**Action item**
Print again, word for word, all of the records below, and leave the pictures out.

Items from a dataset
##############################

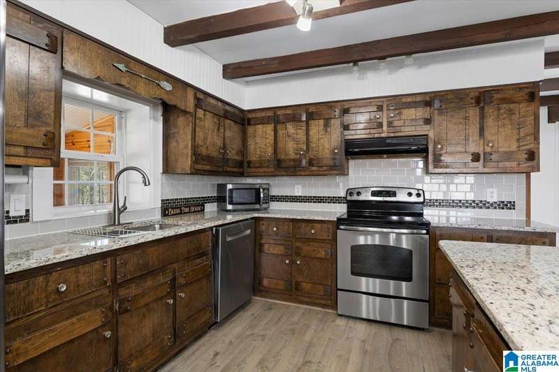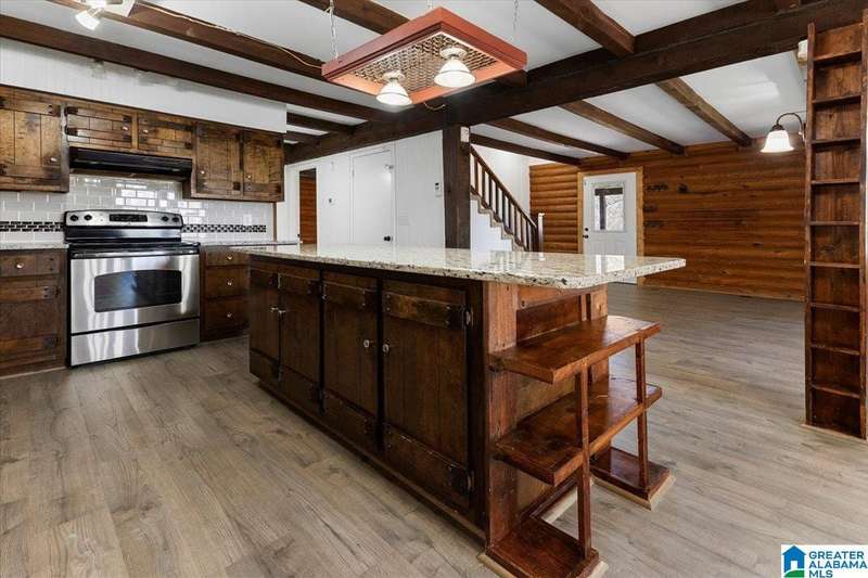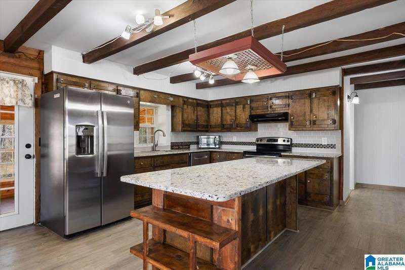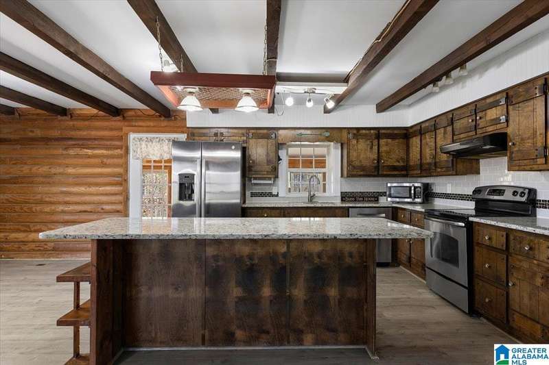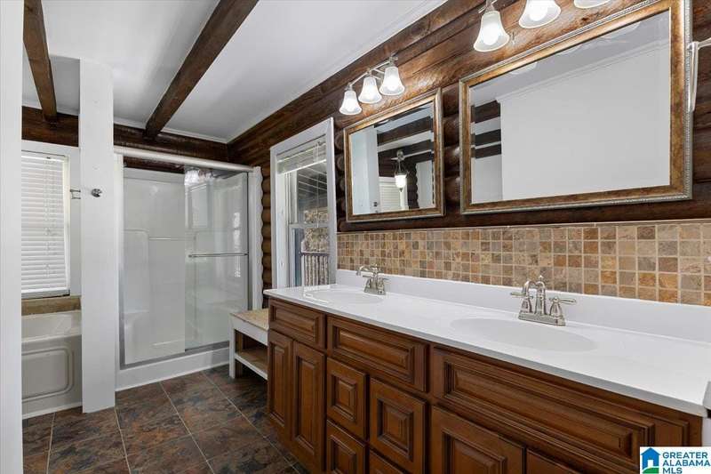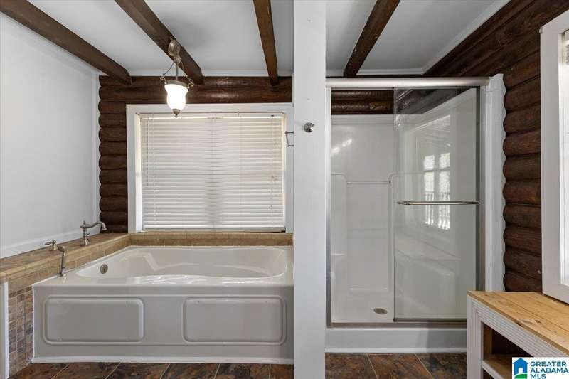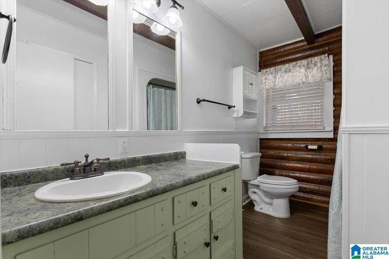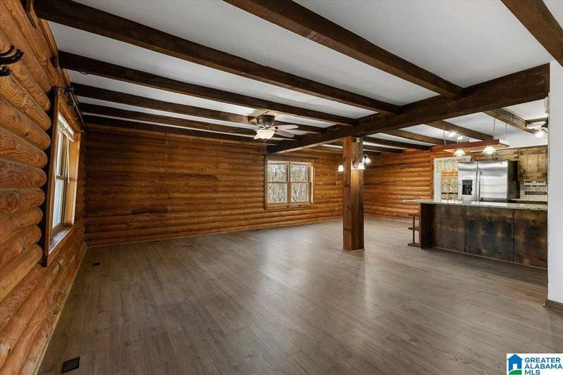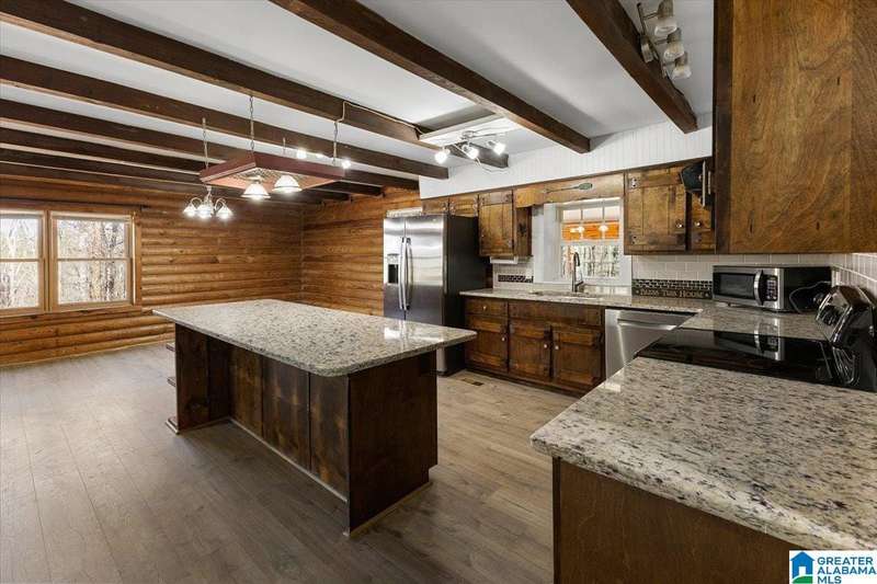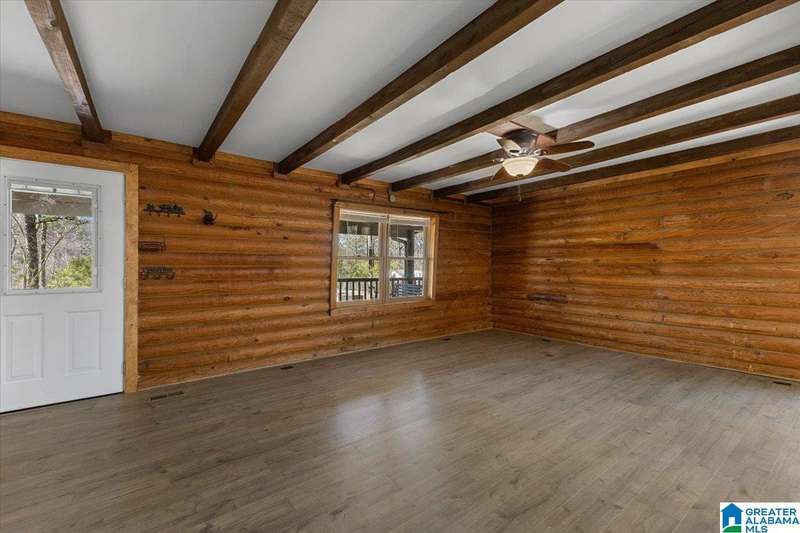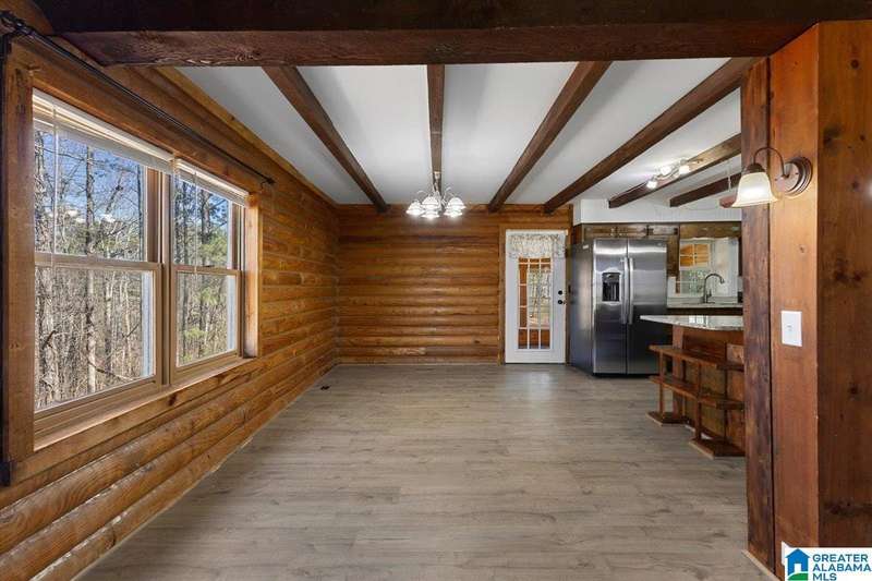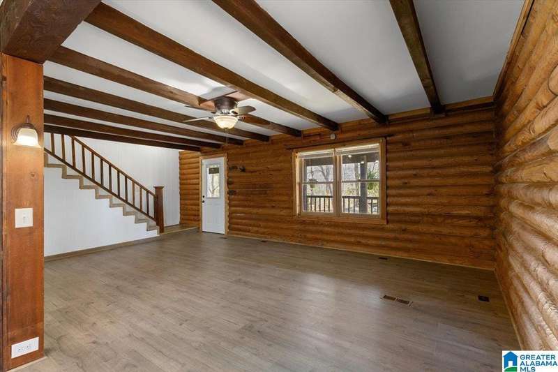 Unique log home with both rustic and modern comforts. This log home is country but close enough to city for convenience. Inside you will find the laminate hardwood and gorgeous wood beams making the living area cozy and comfy. The spacious kitchen with granite countertops allows for a home chef's imagination to come to life with ease. Sunroom or office off the back allows for watching the wildlife and unwinding. Large master on main level with attached master bath. Two large bedrooms upstairs along with full bath allows for a lot of extra room. Unfinished basement has full bath to start your own ideas. Wrap around porch allows for enjoying all the beauty of the mountains and nature. Come see this home with all it's wonderful qualities. Privacy with 7+/- acres.
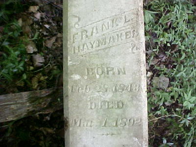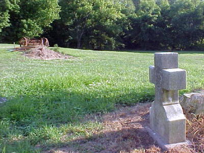 William Campbell and wife buried inside fenced area The Louisa Chapel Church, directly across the road from the Hays-Knotts home, was built about 1889 and named for George Hays' grandmother, wife of Peregrine. Clyde Knotts is an active member in the church, and has helped with its renovation. George Hays (1881-1936) married Myrtle Reading and not unlike his father and grandfather was a stalwart citizen of Arnoldsburg, engaging in farming, road building and owning the first service station, selling Overland and Chevy cars. He also operated a bus line between Spencer and Glenville. George represented Calhoun in the state legislature in the 1920s before his untimely death of a heart attack. He was the father of well-known residents Bernard, now deceased, and George Roessing Hays is 92, living in Florida. "Do you know there are three Hay's graveyards real close, plus the folks who are buried under and beside the Louisa Chapel church?" asked Knotts. We went to visit them. At least three graves are under the church, marked with flag stones, and two graves in the yard. One grave belongs to clergyman and Confederate soldier, Elim Mitchell, who was killed at Arnoldsburg. Another may be a Union soldier who died at the Arnoldsburg Skirmish and the others are likely black slaves owned by the Hays family. Buried in the backyard of the Hays-Knotts house is the single grave of Amie Eva Sexton Silcott (1836-1865), wife of the county's first clerk George W. Silcott, who moved to Grantsville and was buried years later in the Bethlehem Cemetery. "It seemed sorta strange to look out the back door and see her monument," said Knotts. "But we got use to it." Clyde, Esther Laughlin and I trekked up the steep hillside across the road from the old Arnoldsburg motel (US 33-119) to the abandoned Hays Cemetery, which has grown up with brush, green briers and weeds, with most of the monuments down. Some graves are marked with flagstones. G. Warren and Mary Roessing Hays, he the son of Peregrine, are buried there, along with his son Perry B. and his wife Rosa Stump, who both died young, among other Hays relatives. In a designated part of the cemetery, enclosed by a steel posted fence, lies the bodies of William H. Campell and his wife Nancy, both likely passing before 1900. The Hays-Haymaker cemetery is just downstream from Arnoldsburg. George Hays is buried there. Clyde Knotts said his family enjoys living where the Calhoun old-timers first came, fought the fights over the establishment of the county, went to the Civil War and worked hard for their families and community. Note: Clyde Knotts is now deceased. |
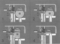 44. ábra LOGOSOL gyártmányú mobil rönkvágó láncfűrész vágási lehetőségei A vastagsági méret beálltásának módját a 45. ábra jobb oldali képe mutatja. A fűrészelt felület minősége megegyezik a keretfűrészgépen vágott fűrészáru minőségével, főleg építőipar termékek előállítására való.
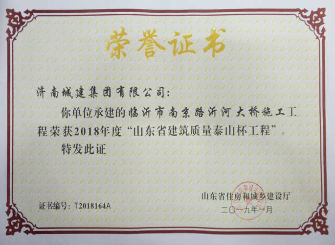 臨沂市南京路沂河大橋施工工程被評為2018年度“山東省建筑質(zhì)量泰山杯工程”
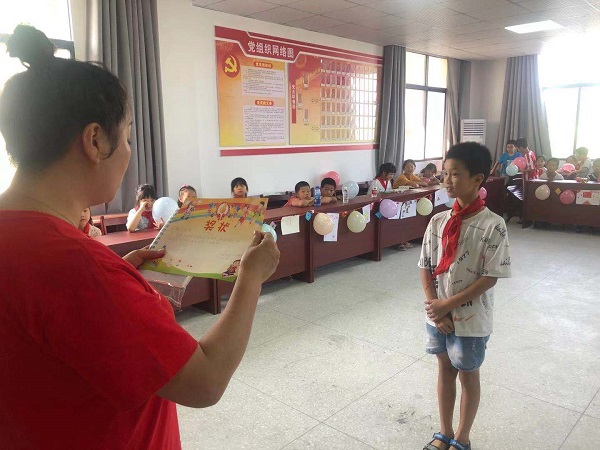 大会伊始,奏中华人民共和国国歌,全体起立高唱国歌行注目礼。奏毕,优秀学员颁奖典礼开始。针对学员在课堂上的表现,分别设置了“学习积极分子”“活动积极分子”等十余项荣誉称号。由汪中水和金子易为同学们颁奖,获奖学生手握奖品与证书合影留念。在颁奖典礼后,金龙村党委书记汪中水发表相关讲话,他回顾了历时半个月的支教过程,表达了对支教老师工作的肯定和感谢,并且对于未来的支教合作抱有的极高期望。
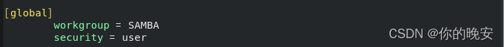 workgroup = SAMBA | #工作组名称 |
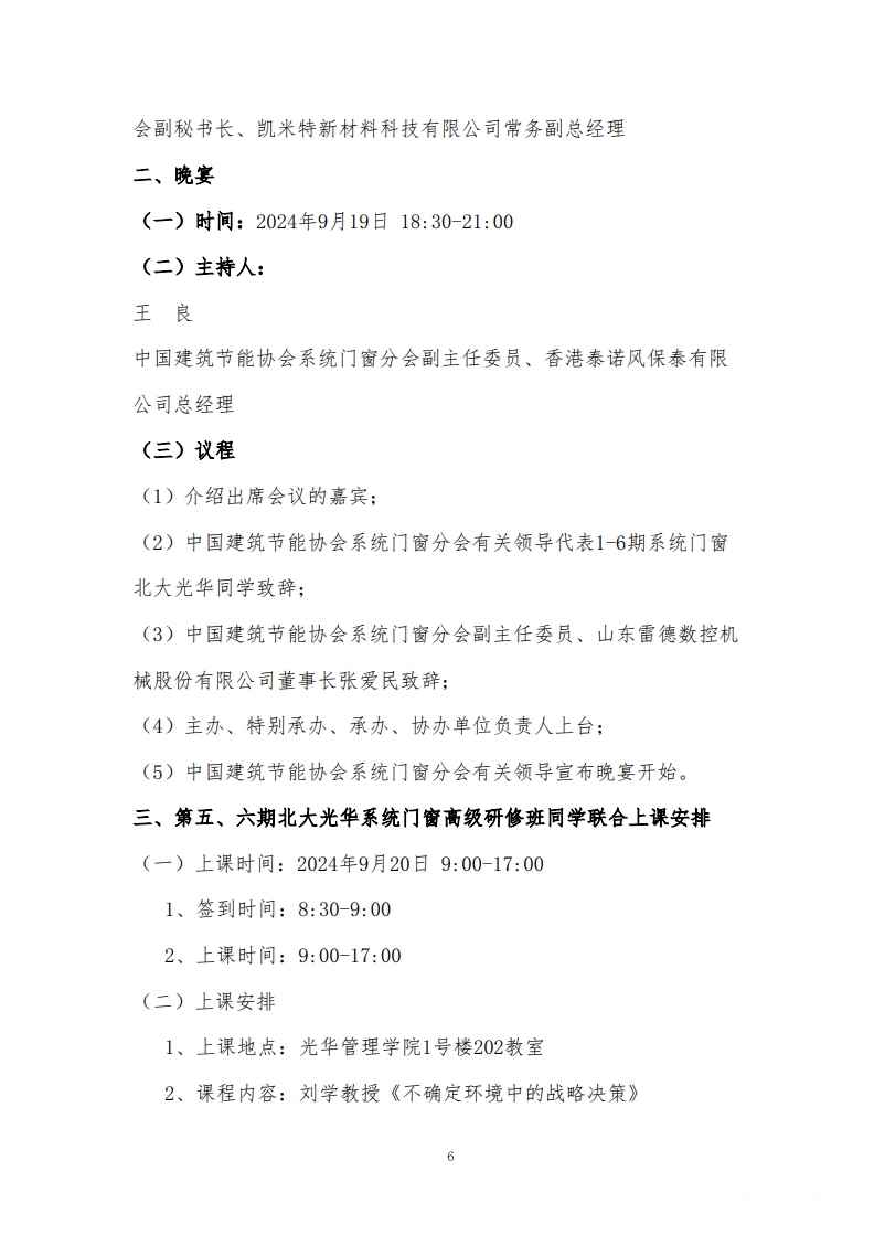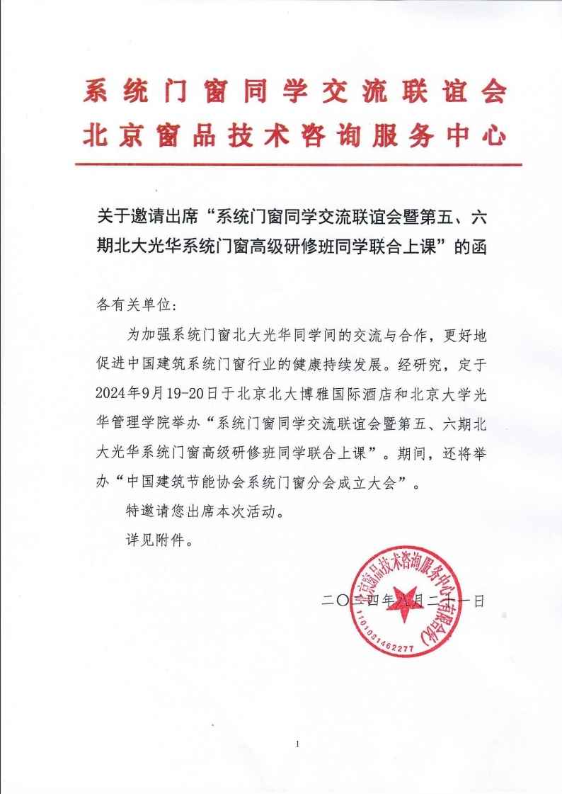 关于邀请出席“系统门窗同学交流联谊会暨第五、六期北大光华系统门窗高级研修班同学联合上课”的函

##############################

**Written solution**
 Unique log home with both rustic and modern comforts. This log home is country but close enough to city for convenience. Inside you will find the laminate hardwood and gorgeous wood beams making the living area cozy and comfy. The spacious kitchen with granite countertops allows for a home chef's imagination to come to life with ease. Sunroom or office off the back allows for watching the wildlife and unwinding. Large master on main level with attached master bath. Two large bedrooms upstairs along with full bath allows for a lot of extra room. Unfinished basement has full bath to start your own ideas. Wrap around porch allows for enjoying all the beauty of the mountains and nature. Come see this home with all it's wonderful qualities. Privacy with 7+/- acres.
 William Campbell and wife buried inside fenced area The Louisa Chapel Church, directly across the road from the Hays-Knotts home, was built about 1889 and named for George Hays' grandmother, wife of Peregrine. Clyde Knotts is an active member in the church, and has helped with its renovation. George Hays (1881-1936) married Myrtle Reading and not unlike his father and grandfather was a stalwart citizen of Arnoldsburg, engaging in farming, road building and owning the first service station, selling Overland and Chevy cars. He also operated a bus line between Spencer and Glenville. George represented Calhoun in the state legislature in the 1920s before his untimely death of a heart attack. He was the father of well-known residents Bernard, now deceased, and George Roessing Hays is 92, living in Florida. "Do you know there are three Hay's graveyards real close, plus the folks who are buried under and beside the Louisa Chapel church?" asked Knotts. We went to visit them. At least three graves are under the church, marked with flag stones, and two graves in the yard. One grave belongs to clergyman and Confederate soldier, Elim Mitchell, who was killed at Arnoldsburg. Another may be a Union soldier who died at the Arnoldsburg Skirmish and the others are likely black slaves owned by the Hays family. Buried in the backyard of the Hays-Knotts house is the single grave of Amie Eva Sexton Silcott (1836-1865), wife of the county's first clerk George W. Silcott, who moved to Grantsville and was buried years later in the Bethlehem Cemetery. "It seemed sorta strange to look out the back door and see her monument," said Knotts. "But we got use to it." Clyde, Esther Laughlin and I trekked up the steep hillside across the road from the old Arnoldsburg motel (US 33-119) to the abandoned Hays Cemetery, which has grown up with brush, green briers and weeds, with most of the monuments down. Some graves are marked with flagstones. G. Warren and Mary Roessing Hays, he the son of Peregrine, are buried there, along with his son Perry B. and his wife Rosa Stump, who both died young, among other Hays relatives. In a designated part of the cemetery, enclosed by a steel posted fence, lies the bodies of William H. Campell and his wife Nancy, both likely passing before 1900. The Hays-Haymaker cemetery is just downstream from Arnoldsburg. George Hays is buried there. Clyde Knotts said his family enjoys living where the Calhoun old-timers first came, fought the fights over the establishment of the county, went to the Civil War and worked hard for their families and community. Note: Clyde Knotts is now deceased. |
 44. ábra LOGOSOL gyártmányú mobil rönkvágó láncfűrész vágási lehetőségei A vastagsági méret beálltásának módját a 45. ábra jobb oldali képe mutatja. A fűrészelt felület minősége megegyezik a keretfűrészgépen vágott fűrészáru minőségével, főleg építőipar termékek előállítására való.
 臨沂市南京路沂河大橋施工工程被評為2018年度“山東省建筑質(zhì)量泰山杯工程”
 大会伊始,奏中华人民共和国国歌,全体起立高唱国歌行注目礼。奏毕,优秀学员颁奖典礼开始。针对学员在课堂上的表现,分别设置了“学习积极分子”“活动积极分子”等十余项荣誉称号。由汪中水和金子易为同学们颁奖,获奖学生手握奖品与证书合影留念。在颁奖典礼后,金龙村党委书记汪中水发表相关讲话,他回顾了历时半个月的支教过程,表达了对支教老师工作的肯定和感谢,并且对于未来的支教合作抱有的极高期望。
 workgroup = SAMBA | #工作组名称 |
 关于邀请出席“系统门窗同学交流联谊会暨第五、六期北大光华系统门窗高级研修班同学联合上课”的函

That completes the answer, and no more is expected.